City of Juxtapositions: Musings from a BMTC Bus
- Jan 8
- 2 min read
Updated: Feb 18
By SK Meenakshi

Bangalore: On a sunny day, frustrated, overheated, and overstimulated, I step into a BMTC Bus and find everyone looking down at their phones, with earplugs in. I take a seat in the very back, right next to a window and pull out a notepad and a pencil, wanting to rant about the state of my surroundings. If your attention span can handle it, let me tell you a story in verse. A story that you and I see everywhere, all around us but no one dares to articulate it. Before some unbearable academic wants to write a paper on it behind a paywall, let me tell my story to you all first.
So many people around the world have done their research on me. Today I'll do the research myself. You all love to write about me but today, I want to write about myself. You all love to observe me but today, I will be the one to make the observations. Today, I am not Bangalore or an IT city or a Metropolitan City or whatever other labels you impose on me. Today, I am merely a silent observer in a BMTC Bus, quietly jotting down my thoughts. Perhaps you'll resonate with this version of me. Perhaps not. That's okay.
I
A chicken shop seated next to a mechanic shop,
Something is being butchered there,
Something is being fixed here,
A yellow-roofed auto zips by with a tricolour flag looped around its side mirror,
A clump of plastic bags spilling garbage and browned banana peels, a dead crow and a hungry cat.

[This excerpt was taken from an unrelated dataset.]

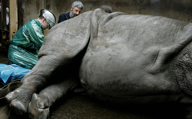 45岁的苏丹,已经到了犀牛寿命的上限,过去一年里,它饱受右后腿感染溃烂之苦,几乎不能行走。在各种治疗均无法缓解它的痛苦的无奈下,保护区的工作人员为它实施了安乐死。
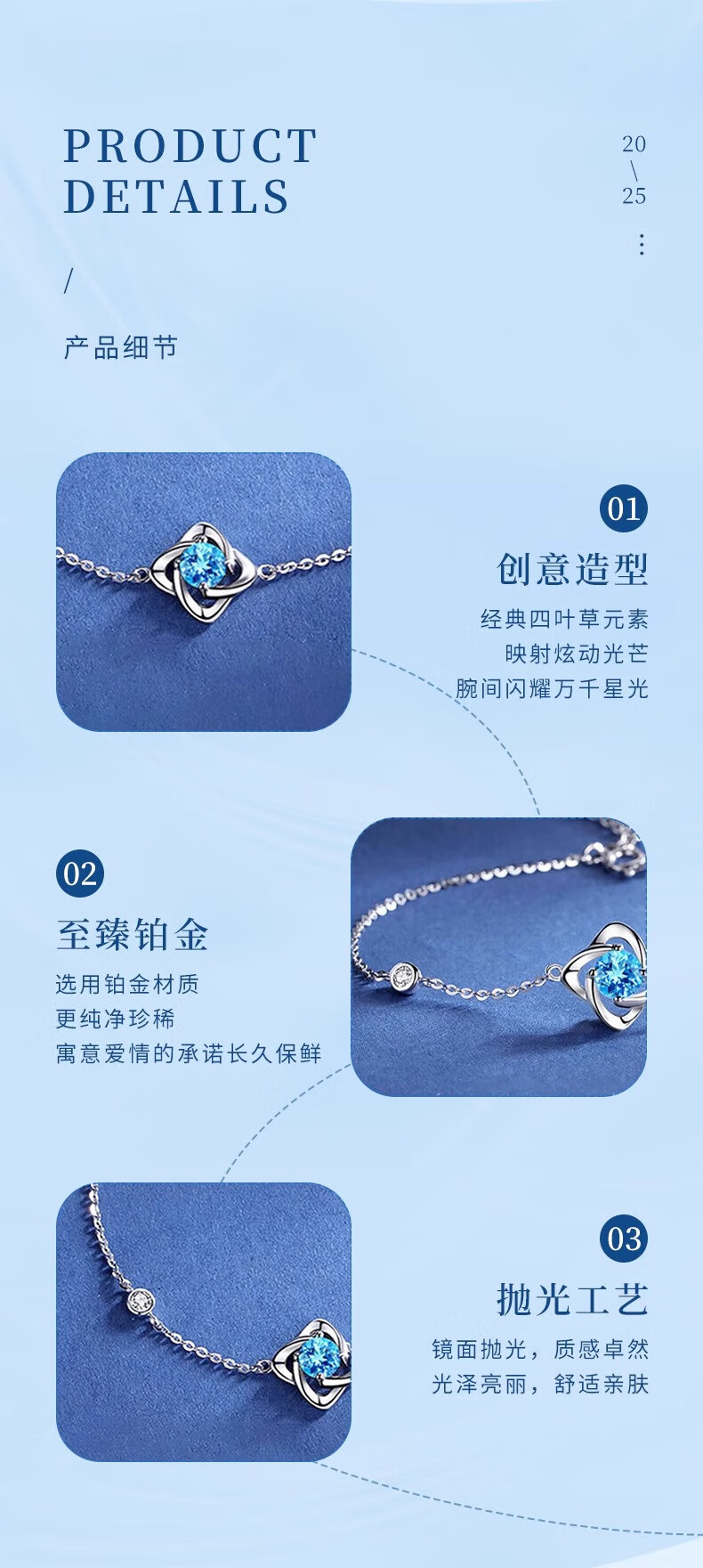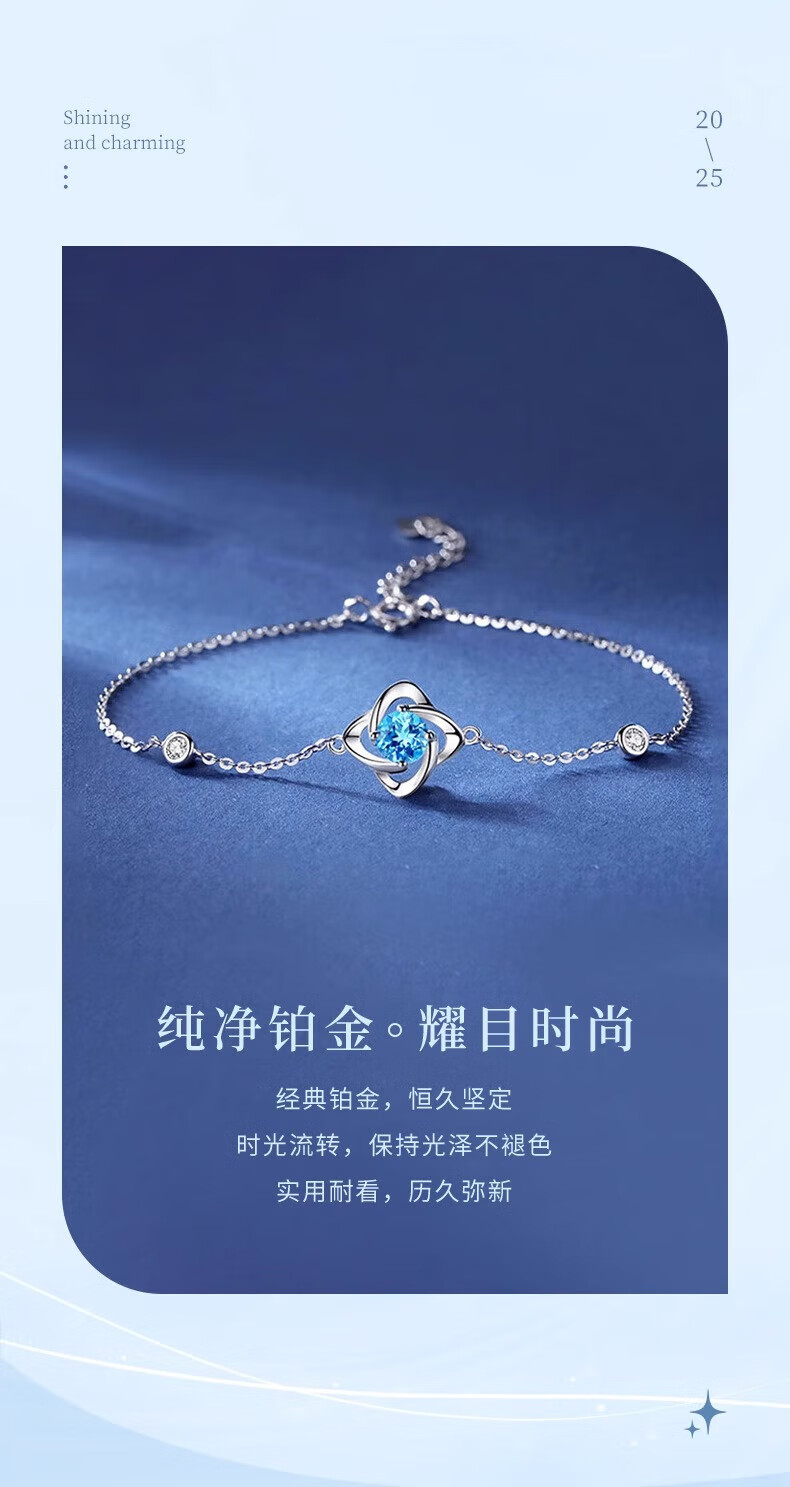 Lao Fengxiang PT950 platinum four-leaf clover bracelet for women new pure platinum Mid-Autumn Festival birthday gift for girlfriend and wife Platinum four-leaf clover bracelet about 1.9g brand gift box

Cows with curling red horns, paddling in the rush hour of traffic,
Crisscrossing busy roads, swishing tails, blocking cars and buses,
Someone reaches out, touches them with their palms reverently, a prayer oozing from their lips,
A prayer learnt in 6th grade, mum's insistence, steaming hot idlis and sambar for a reward.
Migrant workers, rust in the air, the din of drilling and building, dust-caked hands and feet,
Children slung on their backs, childhood stitched along the borders of apartments they'll never inhabit,
Black and red ribbons, slates and white chalk, and if they're lucky, pastel-coloured chalks,
Cricket matches in wide playgrounds, Sundays of footballs and Panipuri.
Bengaval-uru (city of guards), Benda-kaalu-ooru (town of boiled beans),
Bengaluru, Bangalore city, a city of fluctuating identities,
A city that sails on the river of languages, a mishmash, a hotchpotch of cultures and accents,
We like to fasten our festivals around the tree branches and electric poles, gold and orange,
And the music thrums like a gasp, a heartbeat through the ever-ringing streets.